Purpose: Generates deployment artifacts for productionizing ML models, including Dockerfiles, Kubernetes manifests, and health check configurations.

Usage:

python scripts/model_deployment_pipeline.py --input <path> --output <path> [--config <file>] [--verbose]

Flags/Parameters:

| Flag | Short | Required | Description | |------|-------|----------|-------------| | --input | -i | Yes | Input path (model artifact or directory) | | --output | -o | Yes | Output path for generated deployment artifacts | | --config | -c | No | Configuration file for deployment settings | | --verbose | -v | No | Enable debug-level logging output |

Example:

python scripts/model_deployment_pipeline.py -i ./models/classifier.pkl -o ./deploy/

Output Formats: JSON to stdout containing status, start_time, end_time, and processed_items. Logs progress to stderr.


rag_system_builder.py

Purpose: Scaffolds a RAG pipeline with vector store integration, retrieval logic, and ingestion configuration.

Usage:

python scripts/rag_system_builder.py --input <path> --output <path> [--config <file>] [--verbose]

Flags/Parameters:

| Flag | Short | Required | Description | |------|-------|----------|-------------| | --input | -i | Yes | Input path (document corpus or configuration directory) | | --output | -o | Yes | Output path for generated RAG pipeline artifacts | | --config | -c | No | Configuration file for RAG settings (vector DB, chunking, embedding) | | --verbose | -v | No | Enable debug-level logging output |

Example:

python scripts/rag_system_builder.py -i ./documents/ -o ./rag-pipeline/ -c rag_config.yaml

Output Formats: JSON to stdout containing status, start_time, end_time, and processed_items.
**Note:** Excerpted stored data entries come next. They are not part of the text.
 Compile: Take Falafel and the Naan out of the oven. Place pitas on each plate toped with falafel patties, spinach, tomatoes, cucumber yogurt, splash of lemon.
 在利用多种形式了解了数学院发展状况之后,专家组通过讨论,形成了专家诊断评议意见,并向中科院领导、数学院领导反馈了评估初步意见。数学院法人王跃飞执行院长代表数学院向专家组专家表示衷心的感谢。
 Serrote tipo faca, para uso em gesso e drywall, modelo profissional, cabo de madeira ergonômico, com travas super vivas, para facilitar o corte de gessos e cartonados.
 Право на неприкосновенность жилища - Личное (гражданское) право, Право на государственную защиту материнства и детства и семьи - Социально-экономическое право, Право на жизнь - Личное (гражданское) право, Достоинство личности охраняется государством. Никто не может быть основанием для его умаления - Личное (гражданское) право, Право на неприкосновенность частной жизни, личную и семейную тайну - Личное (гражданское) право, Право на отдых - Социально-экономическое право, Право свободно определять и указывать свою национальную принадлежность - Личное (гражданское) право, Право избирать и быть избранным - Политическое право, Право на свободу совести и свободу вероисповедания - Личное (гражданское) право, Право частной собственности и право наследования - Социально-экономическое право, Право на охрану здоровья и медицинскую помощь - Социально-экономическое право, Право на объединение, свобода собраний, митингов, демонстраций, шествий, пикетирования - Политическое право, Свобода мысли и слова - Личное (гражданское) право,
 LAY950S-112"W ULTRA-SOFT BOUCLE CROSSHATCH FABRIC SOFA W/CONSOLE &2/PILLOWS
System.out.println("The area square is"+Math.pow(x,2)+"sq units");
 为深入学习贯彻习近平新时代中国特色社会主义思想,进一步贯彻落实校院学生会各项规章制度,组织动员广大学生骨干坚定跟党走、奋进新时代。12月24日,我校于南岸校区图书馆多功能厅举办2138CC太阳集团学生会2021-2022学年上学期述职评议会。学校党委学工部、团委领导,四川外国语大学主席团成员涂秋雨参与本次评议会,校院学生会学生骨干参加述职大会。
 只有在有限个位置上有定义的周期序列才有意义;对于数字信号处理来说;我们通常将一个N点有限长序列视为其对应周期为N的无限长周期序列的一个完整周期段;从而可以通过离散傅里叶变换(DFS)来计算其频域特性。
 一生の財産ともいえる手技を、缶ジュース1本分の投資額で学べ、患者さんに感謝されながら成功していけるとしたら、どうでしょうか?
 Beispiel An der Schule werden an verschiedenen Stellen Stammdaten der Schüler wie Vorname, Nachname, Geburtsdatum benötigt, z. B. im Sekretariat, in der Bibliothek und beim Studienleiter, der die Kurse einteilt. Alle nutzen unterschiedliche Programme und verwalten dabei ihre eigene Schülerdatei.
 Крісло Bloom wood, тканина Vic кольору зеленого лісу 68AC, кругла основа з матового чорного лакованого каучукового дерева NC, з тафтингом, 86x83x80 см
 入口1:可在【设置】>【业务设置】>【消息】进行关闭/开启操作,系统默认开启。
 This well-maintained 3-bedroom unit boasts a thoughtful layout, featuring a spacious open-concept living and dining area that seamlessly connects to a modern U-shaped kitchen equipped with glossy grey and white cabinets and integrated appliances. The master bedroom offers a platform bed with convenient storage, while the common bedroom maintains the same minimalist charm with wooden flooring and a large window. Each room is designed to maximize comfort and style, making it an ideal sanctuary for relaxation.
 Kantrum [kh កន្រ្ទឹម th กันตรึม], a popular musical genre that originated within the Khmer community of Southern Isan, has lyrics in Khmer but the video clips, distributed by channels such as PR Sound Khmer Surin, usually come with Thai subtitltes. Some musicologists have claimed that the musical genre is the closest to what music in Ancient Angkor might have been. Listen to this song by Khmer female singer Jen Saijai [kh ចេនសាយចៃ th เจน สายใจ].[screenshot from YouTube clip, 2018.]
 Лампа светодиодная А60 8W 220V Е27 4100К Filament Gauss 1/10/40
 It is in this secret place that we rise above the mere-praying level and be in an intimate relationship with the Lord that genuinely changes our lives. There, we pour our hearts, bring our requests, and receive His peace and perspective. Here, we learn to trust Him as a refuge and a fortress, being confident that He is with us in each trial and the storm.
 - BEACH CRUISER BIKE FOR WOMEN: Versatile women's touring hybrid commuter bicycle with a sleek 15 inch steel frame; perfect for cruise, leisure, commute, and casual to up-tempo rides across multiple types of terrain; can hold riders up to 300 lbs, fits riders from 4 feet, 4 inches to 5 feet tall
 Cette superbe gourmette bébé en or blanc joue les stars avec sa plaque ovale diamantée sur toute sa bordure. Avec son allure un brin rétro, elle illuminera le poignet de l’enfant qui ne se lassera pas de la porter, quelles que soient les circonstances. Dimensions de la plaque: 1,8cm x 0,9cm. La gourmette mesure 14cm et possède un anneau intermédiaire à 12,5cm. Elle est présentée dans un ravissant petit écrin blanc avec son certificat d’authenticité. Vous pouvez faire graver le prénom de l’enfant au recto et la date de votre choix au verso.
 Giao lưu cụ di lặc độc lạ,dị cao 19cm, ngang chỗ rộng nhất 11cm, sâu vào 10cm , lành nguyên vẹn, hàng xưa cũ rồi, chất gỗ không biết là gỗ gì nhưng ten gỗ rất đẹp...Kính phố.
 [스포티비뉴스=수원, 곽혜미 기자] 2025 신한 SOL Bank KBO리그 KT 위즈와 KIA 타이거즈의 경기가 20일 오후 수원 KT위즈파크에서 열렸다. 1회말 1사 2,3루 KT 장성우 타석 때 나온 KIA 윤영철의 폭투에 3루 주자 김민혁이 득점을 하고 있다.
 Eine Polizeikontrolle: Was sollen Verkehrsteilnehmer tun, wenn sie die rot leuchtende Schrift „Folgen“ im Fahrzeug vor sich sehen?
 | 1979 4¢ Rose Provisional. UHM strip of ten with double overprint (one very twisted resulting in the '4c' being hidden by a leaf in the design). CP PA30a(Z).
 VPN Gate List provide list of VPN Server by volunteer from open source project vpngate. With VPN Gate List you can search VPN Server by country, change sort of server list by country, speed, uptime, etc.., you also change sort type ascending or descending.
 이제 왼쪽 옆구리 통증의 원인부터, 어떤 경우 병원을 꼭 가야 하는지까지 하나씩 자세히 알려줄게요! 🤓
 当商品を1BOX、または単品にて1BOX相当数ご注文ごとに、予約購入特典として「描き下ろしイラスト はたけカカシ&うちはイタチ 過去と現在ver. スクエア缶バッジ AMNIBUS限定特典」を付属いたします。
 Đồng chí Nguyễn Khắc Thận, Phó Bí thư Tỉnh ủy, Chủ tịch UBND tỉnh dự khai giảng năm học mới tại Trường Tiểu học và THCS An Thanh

Logs progress to stderr.


ml_monitoring_suite.py

Purpose: Sets up drift detection, performance alerting, and monitoring dashboards for production ML models.

Usage:

python scripts/ml_monitoring_suite.py --input <path> --output <path> [--config <file>] [--verbose]

Flags/Parameters:

| Flag | Short | Required | Description | |------|-------|----------|-------------| | --input | -i | Yes | Input path (model metrics, reference data, or monitoring config) | | --output | -o | Yes | Output path for generated monitoring configuration and dashboards | | --config | -c | No | Configuration file for monitoring thresholds and alert rules | | --verbose | -v | No | Enable debug-level logging output |

Example:

python scripts/ml_monitoring_suite.py -i ./model-metrics/ -o ./monitoring/ -c monitoring.yaml -v

Output Formats: JSON to stdout containing status, start_time, end_time, and processed_items. Logs progress to stderr.